# Employee Attrition Rate using Regression

## Introduction

Artificial intelligence is commonly used in various trade circles to automate processes, gather insights on business, and speed up processes. You will use Python to study the usage of artificial intelligence in real-life scenarios - how AI actually impacts industries. 

Employees are the most important entities in an organization. Successful employees offer a lot to organisations. In this notebook, we will use AI to predict the attrition rate of employees or how often a company can retain employees.

## Context

We will be working with the dataset containing employee attrition rates, which is collected by Hackerearth and uploaded at [Kaggle](https://www.kaggle.com/blurredmachine/hackerearth-employee-attrition). We will use regression to predict attrition rates and see how successful is our model.



## Use Python to open csv files

We will use the [scikit-learn](https://scikit-learn.org/stable/) and [pandas](https://pandas.pydata.org/) to work with our dataset. Scikit-learn is a very useful machine learning library that provides efficient tools for predictive data analysis.  Pandas is a popular Python library for data science. It offers powerful and flexible data structures to make data manipulation and analysis easier.


## Import Libraries


In [1]:
import pandas as pd
import numpy as np
import seaborn as sns
import matplotlib.pyplot as plt
%matplotlib inline
from sklearn.model_selection import train_test_split
from sklearn.tree import DecisionTreeClassifier
from sklearn import metrics

from sklearn.linear_model import LinearRegression 
from sklearn.linear_model import Ridge
from sklearn.linear_model import Lasso

from sklearn.linear_model import Lasso
from sklearn.linear_model import ElasticNet
from sklearn.neighbors import KNeighborsRegressor
from sklearn.tree import DecisionTreeRegressor

from sklearn.metrics import mean_squared_error

### Importing the Dataset

The dataset contains employee attrition rates. Let us visualize the dataset.



In [2]:
train = pd.read_csv("[Dataset]_Module11_Train_(Employee).csv") 
test = pd.read_csv("[Dataset]_Module11_Test_(Employee).csv")

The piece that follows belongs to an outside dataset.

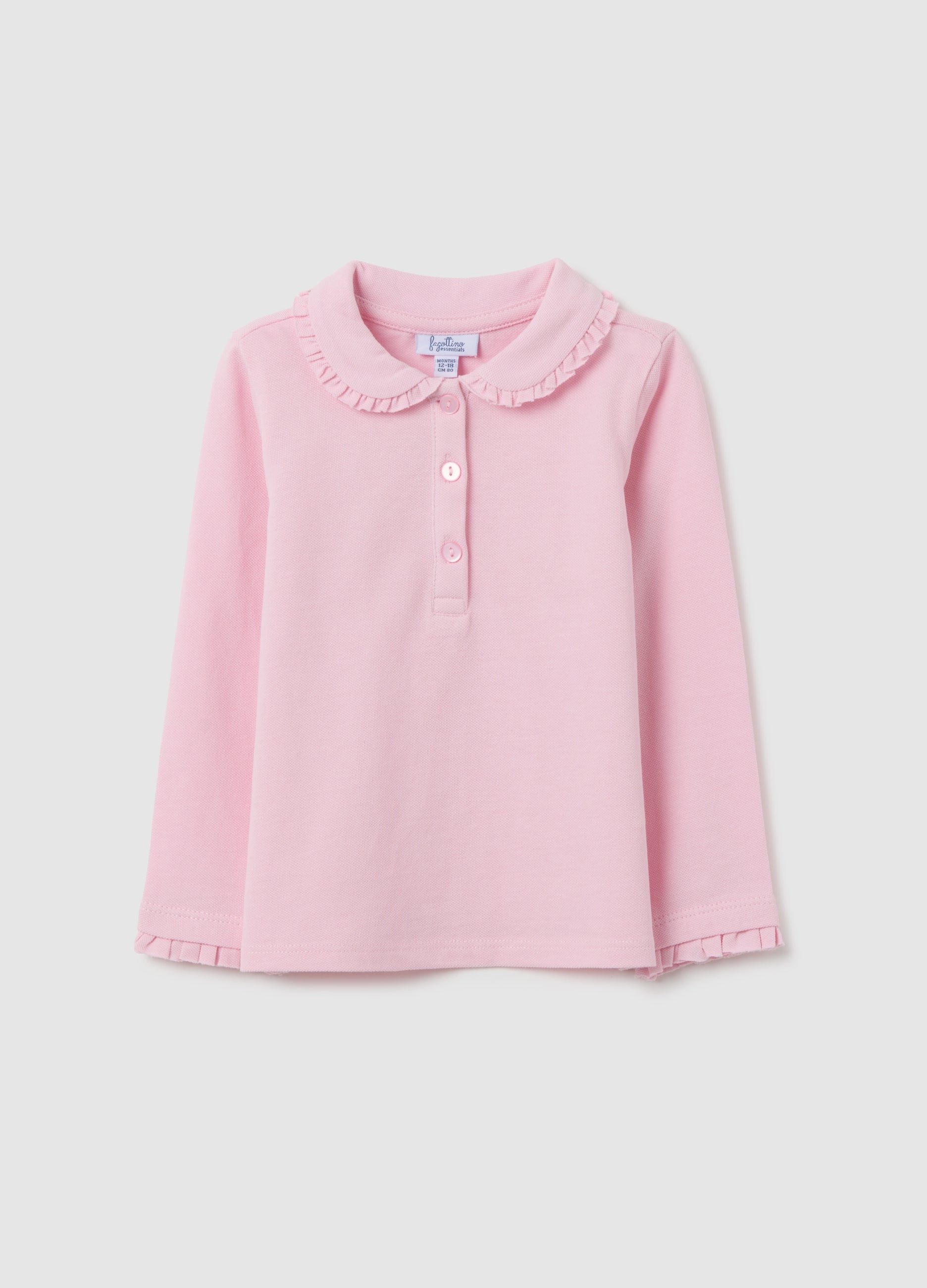 This Pink Pure Cotton Baby T-Shirt From The Fagottino Collection, For Ages 9 To 36 Months, Features A Rounded Ruffled Collar That Adds A Sweet And Sophisticated Touch To Everyday Outfits. The Front Button Closure Makes It Practical And Ideal For Cooler Days. The Ruffled Cuffs Complete The Elegant Design, Making This Garment A Versatile Choice For Various Occasions.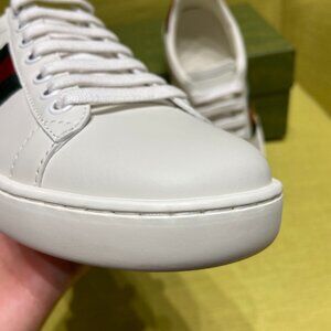 Stylish Gucci sneakers. White leather with iconic red and green stripes. Perfect for casual wear. Brand new, never been worn.

## Task 1: Print the columns of the training set

In [3]:
#yourcodehere
print(train.columns)

In [4]:
print(train.shape)
train.head()

### Data Description

Let us see how the data is distributed. We can visualize the mean, max, and min value of each column alongside other characteristics.

In [5]:
train.describe()


## Task2: Get information about the training data set using the describe function

In [6]:
#yourcodehere
train.describe()

In [7]:
train.isna().sum()

In [8]:
# Let's see if training set has any missing values
train.isna().any()

### Data Visualization

Now, let us see the correlation matrix to see how related are the features.

In [9]:
plt.figure(figsize=(18,10))
cor = train.corr()
sns.heatmap(cor, annot=True, cmap=plt.cm.Accent)
plt.show()
plt.savefig("main_correlation.png")

### Preparing the model

Now we will finalize the data for the training and prepare the model.

In [None]:
#Attrition_rate is the label or output to be predicted
#features will be used to predict Attrition_rate
label = ["Attrition_rate"]
features = ['VAR7','VAR6','VAR5','VAR1','VAR3','growth_rate','Time_of_service','Time_since_promotion','Travel_Rate','Post_Level','Education_Level']


In [None]:
featured_data = train.loc[:,features+label]
#We will drop the columns here which have missing values using dropna function
featured_data = featured_data.dropna(axis=0)
featured_data.shape

In [None]:
X = featured_data.loc[:,features]
y = featured_data.loc[:,label]

In [None]:
#Here the training and test data are split 55% to 45% as test size is 0.55
# Here the test size is 55% because model is giving good accuracy on bigger test size also. It completely depends on the model, 
# if the developer feels positive about the results then they go give with bigger test size.Experimentation is the key to understand the model.
X_train,X_test,y_train,y_test = train_test_split(X,y,random_state=1,test_size=0.55)

In [None]:
#df = Ridge(alpha=0.000001)
df = LinearRegression()
df.fit(X_train,y_train)
y_pred = df.predict(X_test)
c=[]
for i in range(len(y_pred)):
    c.append((y_pred[i][0].round(5)))
pf=c[:3000]


In [None]:
#Let's print the accuracy now
score = 100* max(0, 1-mean_squared_error(y_test, y_pred))
print(score)

In [None]:
#Predicting
import pandas as pd
dff = pd.DataFrame({'Employee_ID':test['Employee_ID'],'Attrition_rate':pf})
dff.head()

## Task 3: Print the first 20 columns of predictions


In [None]:
#yourcodehere

### Conclusion

In this notebook, we have seen how AI can be used by companies to predict which employess would be loyal to them. We have bulit a linear regression model to predict the attrition rate.